Monday 17 March 2008

Crashing Ice and Fleeting Rainbows

The milky blue waters of whale sound were several degrees colder than the Straits as the melt water gushed from the base of the glacier. Long slivers of brash ice drift on the current towards the mouth of the fjord. As we made our way in the kayak towards the terminal face of the glacier we saw what looked like a waterfall on the central nunatak that separates the two sides of the face. This waterfall was actually a huge shower of ice caused by a large section of ice high on the face calving off and pulverising on its descent to the fjord. Every few minutes there would be another crack and thunderous rumble as another section of the face parted company with the glacier. This glacier is in retreat, as are many others. The tell-tale signs of the retreat are plain to see in the rock faces that surround the face.

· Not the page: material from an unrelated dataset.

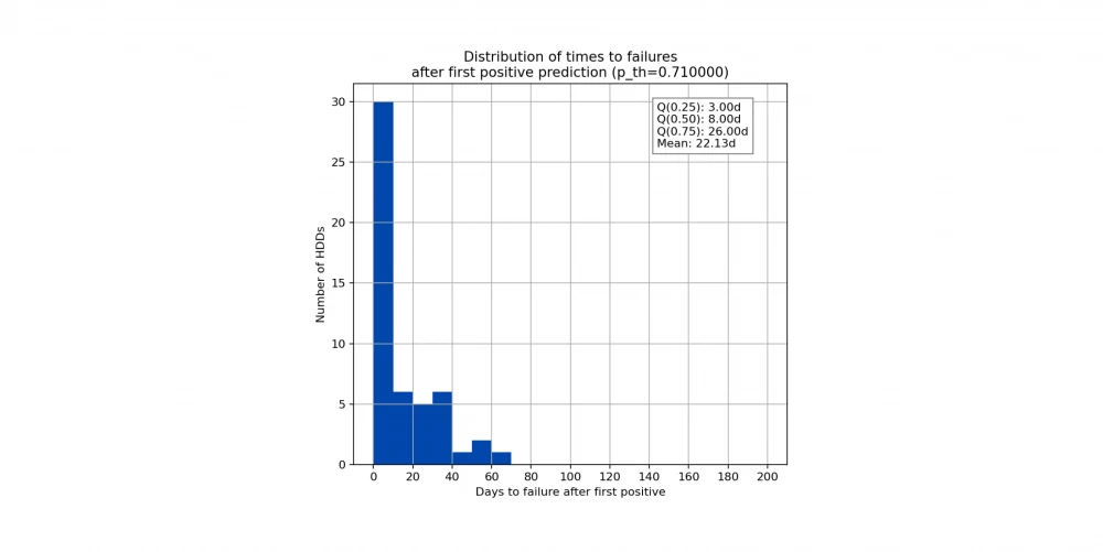 This histogram is the so-called survival time histogram. It shows the distribution of time between the first positive prediction of the model and the actual failure of the disk. Again, specifically for the selected hard drive model.
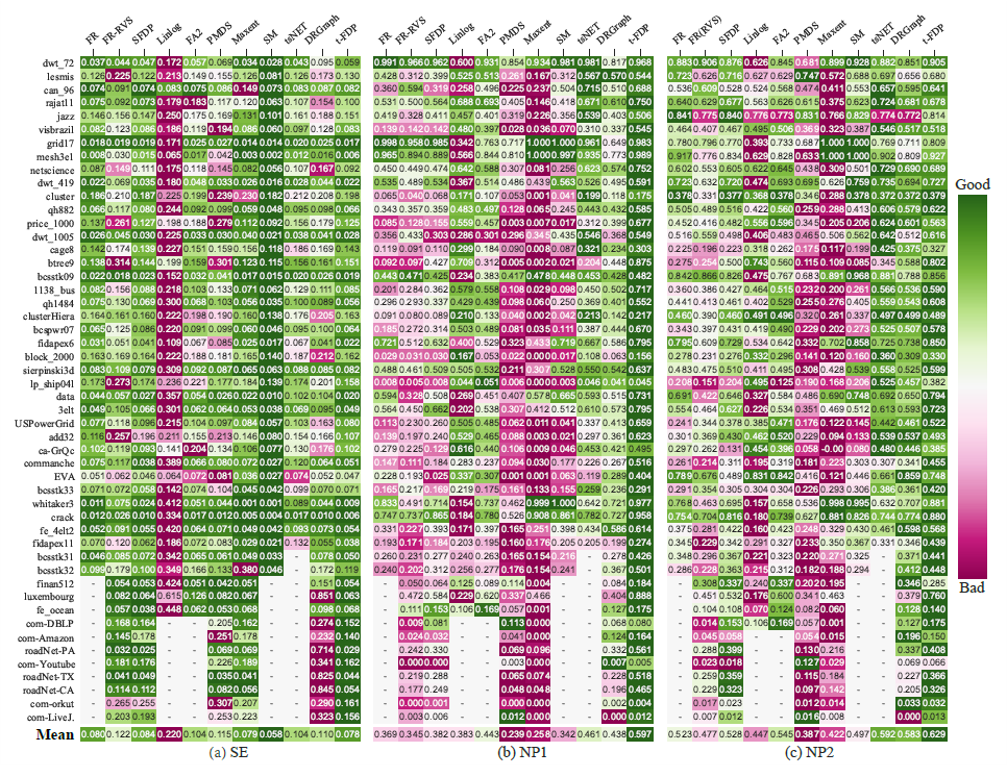 • 最新的基于邻域嵌入的图布局算法tsNET可以比较好地保留2环邻域结构,但其应力误差(stress error)比较大,且不能有效保留1环邻域结构

Indeed, the central nunatak was recently entirely encased within the ice of the glacier. However, as the ice retreats these orphan rocks are left, scraped clean by the erosive power of the ice, as future islands in the fjord. The most recently uncovered rock is easily distinguishable by the absence of lichen that over a couple years will change the colour of the rock from orange to a dusky red or green.

Being so close to such an active glacier is an astonishing and belittling experience. As we paddled closer our guide Jem made his way over to the other side of the fjord. As he got closer to the glacier the perspective of the size of the face became more apparent. He became an infinitesimal dot under the towering face of ice. The sections of ice that were calving were the size of a eight story building but, from a distance, looked insignificant. Scale is so deceptive in Patagonia as everything is so vast. There are so many fjords, sounds, channels and islands here that few are ever visited. The archipelago west of Tierra del Fuego is so remote and the weather conditions so unpredictable that few visitors deign to travel here. This isolation is itself a huge attraction as you feel like you are one of the privileged few to experience the landscape that is one of the last true wildernesses.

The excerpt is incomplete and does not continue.